# New Cumberland Dam fishing



## eight8v45 (Jul 24, 2012)

New to the site I would like to know about fishing at the New Cumberland dam I don't know where to park or were your allowed to fish on the Ohio side?


----------



## Doboy (Oct 13, 2008)

eight8v45 said:


> New to the site I would like to know about fishing at the New Cumberland dam I don't know where to park or were your allowed to fish on the Ohio side?


WELCOME, eight
HUMMM, 74 hits and no info,,,
"allowed on the Ohio side?" Just about everywhere.
You post where your from, I'll send you a PM with the 'scoop',,, and maybe a map of where we fish. 
We 3 went down twice last week,,, had a seat open both times.
We caught lots of cats & Drum. Sooner or later we'll hit the 'whites' again.
Maybe you know a better way,,, WE SHARE


----------



## WISH IT WAS YOU (Jul 25, 2006)

doboy when you guys left nothing really changed we caught more drum my dad caught two dinky flathead and i caught one crappie but besides that it was all drum idk what was going on down their


----------



## eight8v45 (Jul 24, 2012)

I'm from Girard area I know I can get bait at reds on 7 but where can i park near the dam on Ohio side


----------



## Bad Bub (Jan 17, 2006)

eight8v45 said:


> I'm from Girard area I know I can get bait at reds on 7 but where can i park near the dam on Ohio side


Right below the dam is a series of flag poles and a break in the guardrail. Most people park there, or across the highway in front of the post office. The little store there has also started selling bait, but i'm not sure what all they carry.
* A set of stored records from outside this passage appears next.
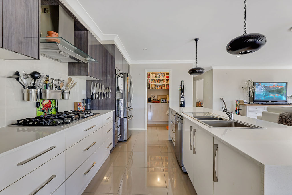 * Deluxe stone kitchen, 900mm gas cooktop, dishwasher, plumbed fridge and butler pantry
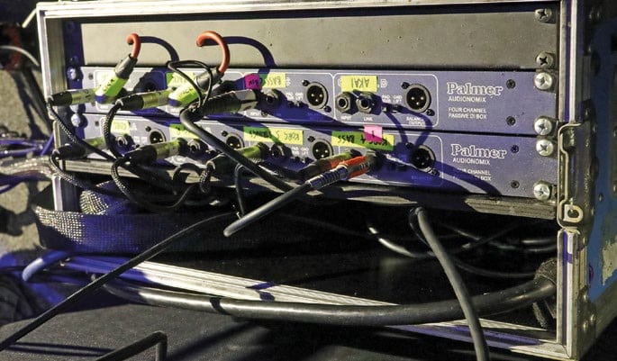 Die beiden Bassverstärker und die Keyboards werden nur per DI abgenommen. „Alle Bass- und Keyboard-Signale laufen in einen Splitter“, erklärt „Mash“ Marshall. Er verweist auf ein Rack mit zwei Palmer Audionomix-Vierkanal-DI-Boxen und Split-Funktion, das sie überall hin mitnehmen. „Die Signale laufen auf das Monitorpult von [Schlagzeuger] Frank, sodass er sich die Signale für sein Monitoring so zusammenstellen kann, wie er sie braucht.“
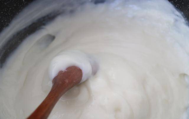 步骤四:加热一段时间之后,锅里面的牛奶淀粉混合物,就会变得比较黏稠了。到这样的一个状态之后,我们就可以关掉炉子的火焰,然后把这些材料倒一半出来,倒在一个方形的容器里,用勺子把表面抹平一些。
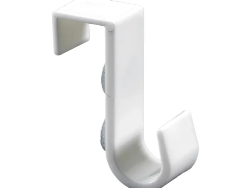 Der weiße Türhängehaken ist aus Kunststoff gefertigt und hat eine Größe von (H x B x T) 70 mm x 22 mm x 50 mm.
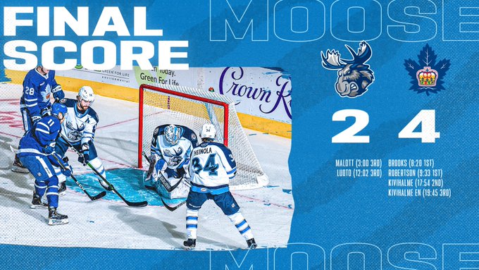 The Manitoba Moose (4-5-0-0) lost a 4-2 contest against the Toronto Marlies (5-4-0-0) on Monday night at Coca-Cola Coliseum in Toronto, Ont. With 8:20 gone in the first period, Adam Brooks cashed in on a rebound and gave the Marlies the one-goal lead. Just over a minute later, Nick Robertson capitalized on a Toronto power play opportunity and pushed the Marlies lead to 2-0.
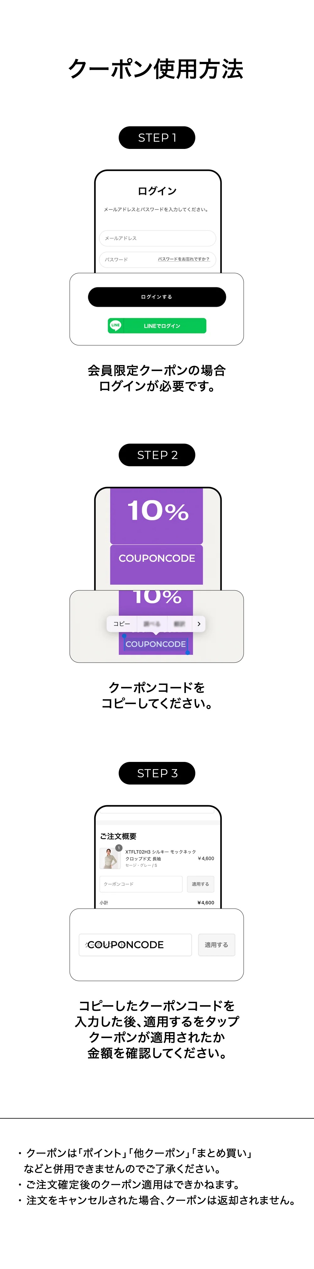 ご注文手続きの際に、「クーポンコード入力欄」に貼り付けてください。
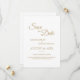 Essa simples caligrafia dourada salva a data traz um luxo elegante, mas moderno, a um casamento minimalista e mais tradicional ou formal. A caligrafia casual permite um sentimento antigo, enquanto o design neutro de classe pode ser combinado com quaisquer aspectos únicos da celebração do casamento.

Outdoor Hub mobile, the outdoor information engine


----------



## Doboy (Oct 13, 2008)

WISH IT WAS YOU said:


> doboy when you guys left nothing really changed, we caught more drum my dad caught two dinky flathead and i caught one crappie, but besides that it was all drum idk what was going on down there


Hey WIWY,
Rivarat might give it a go, again today,,, We'll just have to see what HE digs up! After all,,, He IS the "River King".
*This time, I hope he has his FISH I D pamphlet with him! 
BAAAAAA! LMAO! *


----------



## Rivarat (Sep 15, 2011)

29" 11pds! (thurs morn)


Outdoor Hub mobile, the outdoor information engine


----------



## Doboy (Oct 13, 2008)

Ya, Rivarat,,, Kudo's,,, Again.
I think it's time for you to come up to Erie,,, show US some of your 'STUFF'.


----------